In 1901 during spring training future Hall of Famer John McGraw, the Manager of the Baltimore Orioles of the newly created American League signed a Cherokee 2nd Baseman named Chief Tokohama. In reality 'Tokohama' was Charlie Grant an African American who played with the Columbia Giants (who actually played in Chicago). However Charles Comiskey (owner of the Chicago White Sox) and members of the press discovered 'Tokohama's' identity. While McGraw would continue to insist Grant was Cherokee, he was not with the team when they arrived in Baltimore on April 4th, returning to the Columbia Giants on the 6th. So the scenario is what if 'Tokohama' remained undiscovered for at least a few games into the American League season. What would be the impact of an African-American playing in the first games of the American League. Would he be pressured out of the league as in OTL. What would be the future of an AL-NL partnership and integration in baseball.
 
Two words: Fleet Walker. The same thing happens to Tokohama as happened to Walker - opponents refuse to play if they don’t “get that (Negro) off the field.”
 
Two words: Fleet Walker. The same thing happens to Tokohama as happened to Walker - opponents refuse to play if they don’t “get that (Negro) off the field.”
There were two Walkers (minor point) and it didn't help matters that the idiot leading the opposition was Cap Anson, the Ty Cobb of his day in virtually every way...
 
There were two Walkers (minor point) and it didn't help matters that the idiot leading the opposition was Cap Anson, the Ty Cobb of his day in virtually every way...

I’v dread that Cobb wasn’t especially racist given his time and place of birth, but yeah, he was a certain degree of racist and a huge degree of asshole. I also knew Anson was a racist to some extent but wasn’t aware if he was a huge asshole as well.

But yes, a big name opposing any sort of social change will likely nip it in the bud at that point.
 
Two words: Fleet Walker. The same thing happens to Tokohama as happened to Walker - opponents refuse to play if they don’t “get that (Negro) off the field.”
Yeah he'd probably get kicked out, but considering this is the start of the American League there would probably be a wider impact. The whole thing might turn off some National Leaguers from jumping ship to the junior circuit.
 
I’v dread that Cobb wasn’t especially racist given his time and place of birth, but yeah, he was a certain degree of racist and a huge degree of asshole. I also knew Anson was a racist to some extent but wasn’t aware if he was a huge asshole as well.

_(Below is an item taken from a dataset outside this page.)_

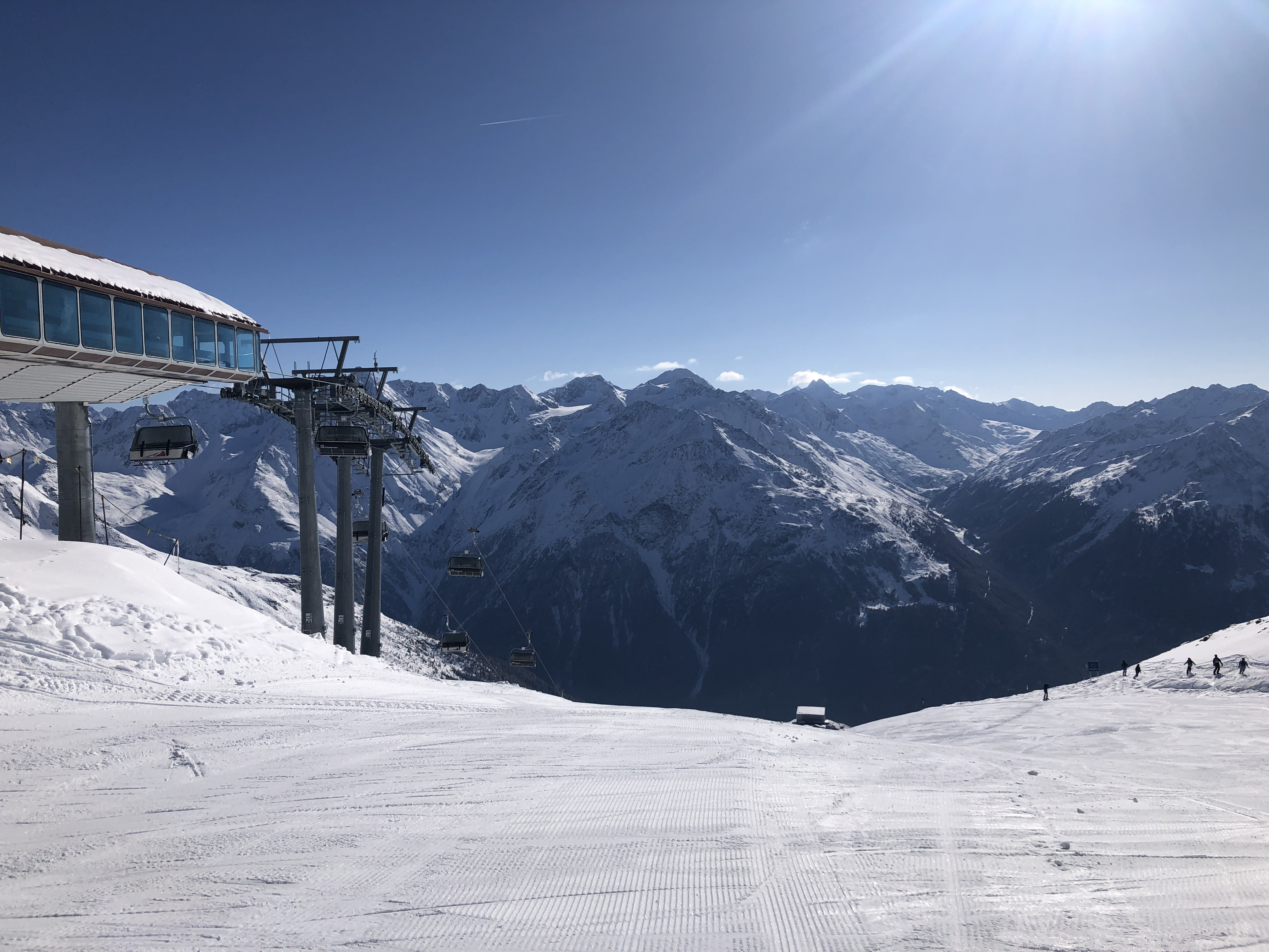 Probably the most interesting downhill run for experts is certainly piste 1 and 1b on the Gaislachkogl. Here there are also great opportunities for a detour into the terrain. In general, the Gaislachkogl is the most challenging ski mountain in the Sölden ski area. The Giggijoch area, on the other hand, is more for mile-eaters who want to go full throttle. But even a downhill run in the glacier ski area has its challenges. The World Cup downhill run on the Rettenbach glacier presents even the ski pros with a not to be underestimated task every year. You should definitely be in good shape, because at altitudes of up to 3,300 meters the air becomes noticeably thinner. Due to the unbeatable range of slopes and the beautiful panorama, Sölden gets a top rating in the "advanced" category.

But yes, a big name opposing any sort of social change will likely nip it in the bud at that point.
Buck O'Neil, the Negro Leagues star, said this about Cobb, IIRC "Honey, Ty Cobb didn't hate colored people. Ty Cobb hated people."
 
There were two Walkers (minor point) and it didn't help matters that the idiot leading the opposition was Cap Anson, the Ty Cobb of his day in virtually every way...

Just finished reading an account of baseball in the 1880s and assuming that was accurate (the account was/is The Summer of Beer and Whiskey, by Ed Achorn), Anson was a thorough bigot of the first order, going above and beyond the set-in-concrete racial prejudices of the Gilded Age. From that account, he was also utterly intolerant of any failings on the part of his teammates. Not sure how all that came about, especially the over-the-top prejudices, since he was from a small town in Michigan, as opposed to the postwar South, for Ty Cobb (and it's pretty well established that Cobb was a sociopath: his own teammates couldn't stand him apart from his obvious talent). Long story short, Anson was pretty much a northern version of Cobb: a total jerk and bigot who had significant baseball talent.